Exercise goal
In the data below, set down exactly the lines from the one containing "Lista de participantes: BARCELONA, REAL" up to and including the one containing "- 삼성SDI (441,500원". Leave the pictures out.

═══ Extracted entries

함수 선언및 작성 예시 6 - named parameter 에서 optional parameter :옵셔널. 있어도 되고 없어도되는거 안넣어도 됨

══════
═══ Extracted entries

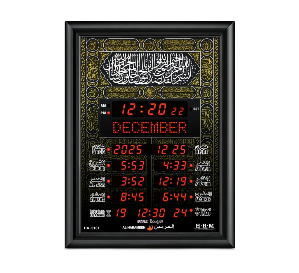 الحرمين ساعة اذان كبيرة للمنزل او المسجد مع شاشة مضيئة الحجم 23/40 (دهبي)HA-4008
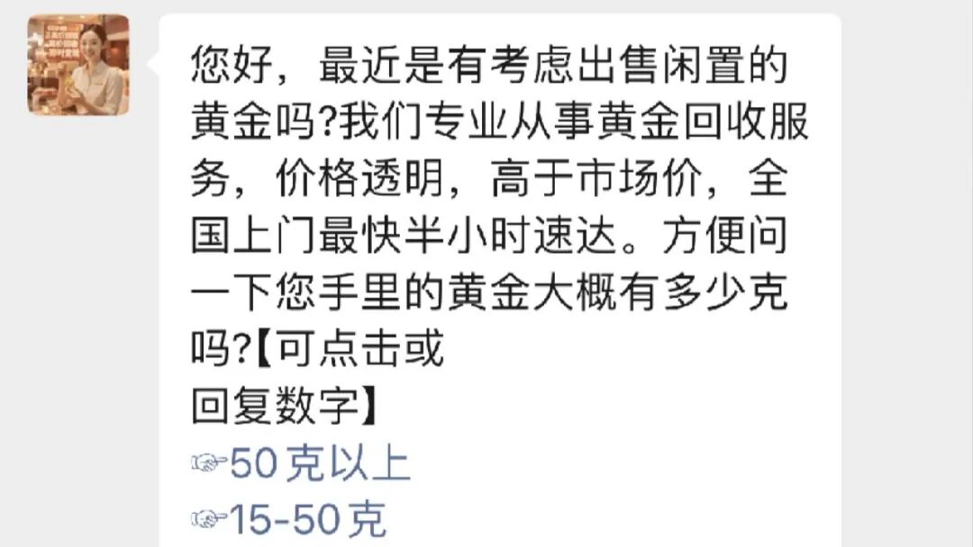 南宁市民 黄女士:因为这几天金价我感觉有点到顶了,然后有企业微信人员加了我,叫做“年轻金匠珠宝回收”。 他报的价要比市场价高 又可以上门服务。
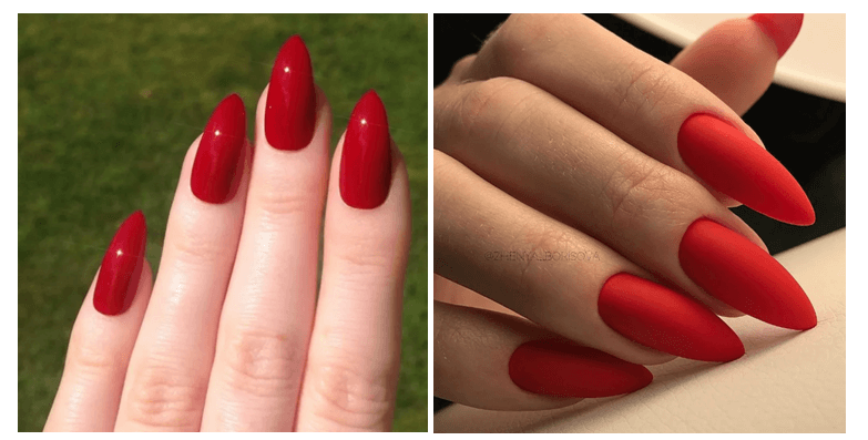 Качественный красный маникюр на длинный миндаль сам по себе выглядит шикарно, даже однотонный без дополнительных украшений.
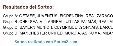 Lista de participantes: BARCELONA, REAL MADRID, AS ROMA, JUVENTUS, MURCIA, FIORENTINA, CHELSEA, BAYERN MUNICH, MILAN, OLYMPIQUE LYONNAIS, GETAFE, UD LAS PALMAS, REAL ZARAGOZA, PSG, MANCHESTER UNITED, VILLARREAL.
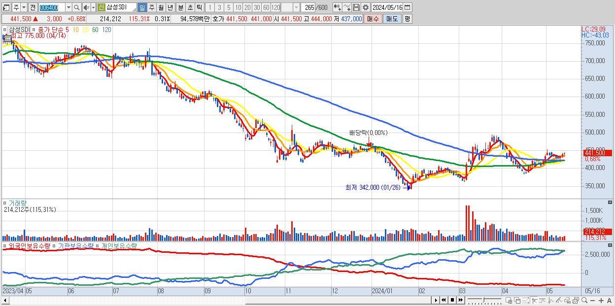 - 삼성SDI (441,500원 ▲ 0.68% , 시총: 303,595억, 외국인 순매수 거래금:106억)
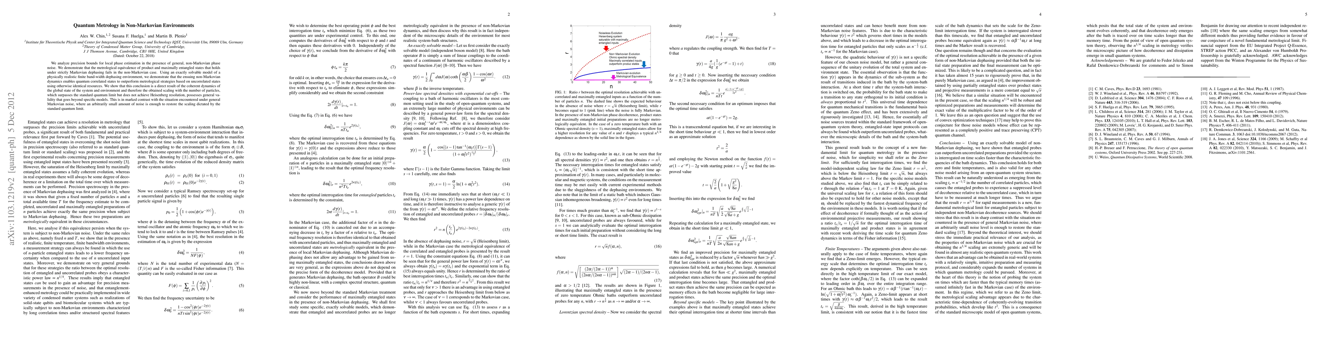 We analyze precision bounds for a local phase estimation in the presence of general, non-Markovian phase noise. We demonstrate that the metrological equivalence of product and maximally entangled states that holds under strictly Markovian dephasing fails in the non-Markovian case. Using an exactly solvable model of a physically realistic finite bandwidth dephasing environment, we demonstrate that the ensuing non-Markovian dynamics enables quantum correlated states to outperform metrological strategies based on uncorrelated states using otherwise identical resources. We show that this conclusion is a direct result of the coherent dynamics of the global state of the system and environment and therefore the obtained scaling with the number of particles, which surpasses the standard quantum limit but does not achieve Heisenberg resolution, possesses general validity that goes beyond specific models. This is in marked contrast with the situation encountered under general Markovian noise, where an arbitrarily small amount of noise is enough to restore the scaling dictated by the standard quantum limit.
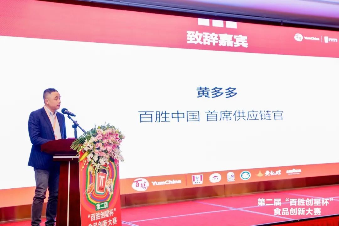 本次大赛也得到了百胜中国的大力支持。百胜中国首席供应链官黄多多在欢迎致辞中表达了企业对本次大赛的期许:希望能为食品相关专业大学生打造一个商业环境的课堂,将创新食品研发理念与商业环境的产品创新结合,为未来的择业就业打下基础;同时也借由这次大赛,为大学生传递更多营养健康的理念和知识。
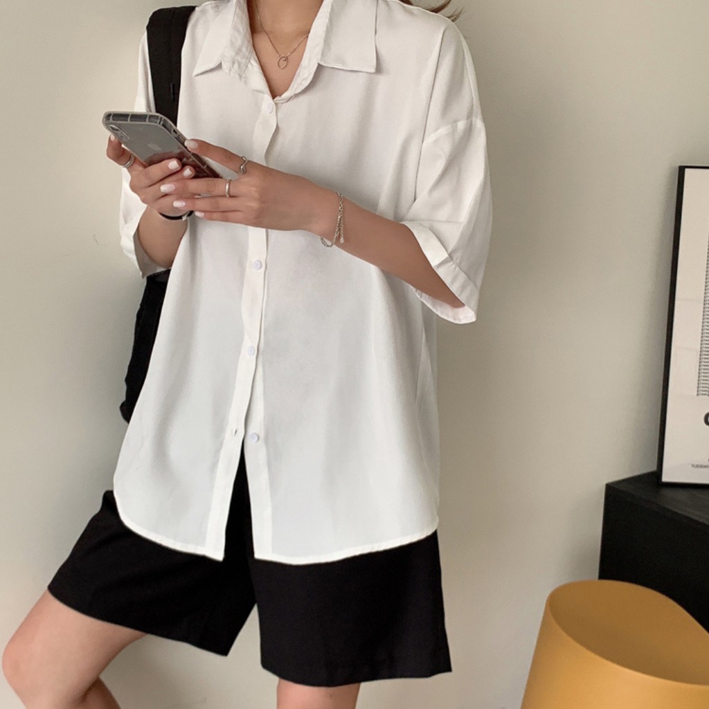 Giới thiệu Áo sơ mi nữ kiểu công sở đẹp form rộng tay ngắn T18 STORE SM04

══════
═══ Extracted entries

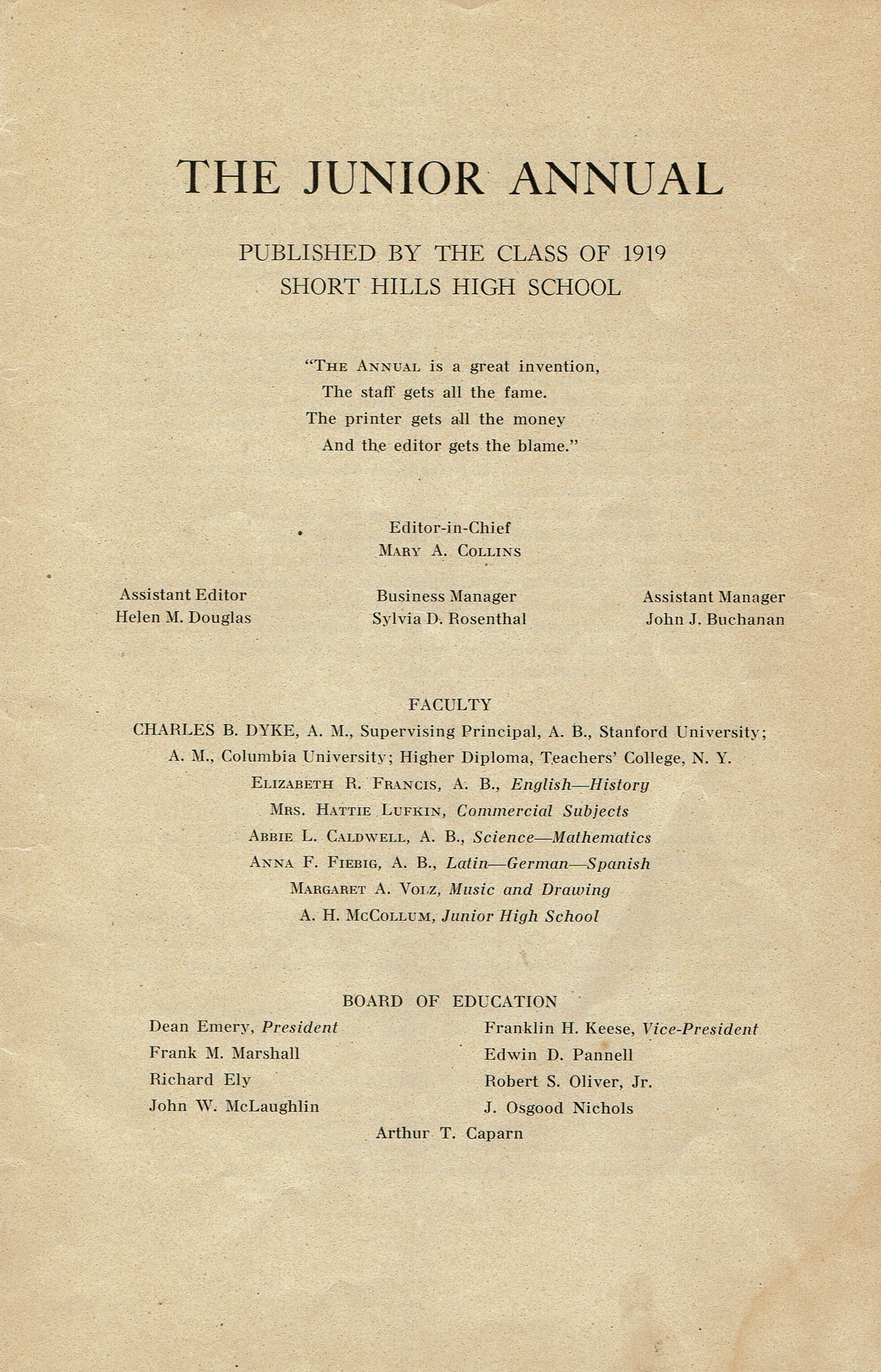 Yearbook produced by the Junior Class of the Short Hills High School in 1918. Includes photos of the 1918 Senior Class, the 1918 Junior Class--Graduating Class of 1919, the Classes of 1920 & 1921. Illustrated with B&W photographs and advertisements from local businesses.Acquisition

══════

Solution
 Lista de participantes: BARCELONA, REAL MADRID, AS ROMA, JUVENTUS, MURCIA, FIORENTINA, CHELSEA, BAYERN MUNICH, MILAN, OLYMPIQUE LYONNAIS, GETAFE, UD LAS PALMAS, REAL ZARAGOZA, PSG, MANCHESTER UNITED, VILLARREAL.
 - 삼성SDI (441,500원 ▲ 0.68% , 시총: 303,595억, 외국인 순매수 거래금:106억)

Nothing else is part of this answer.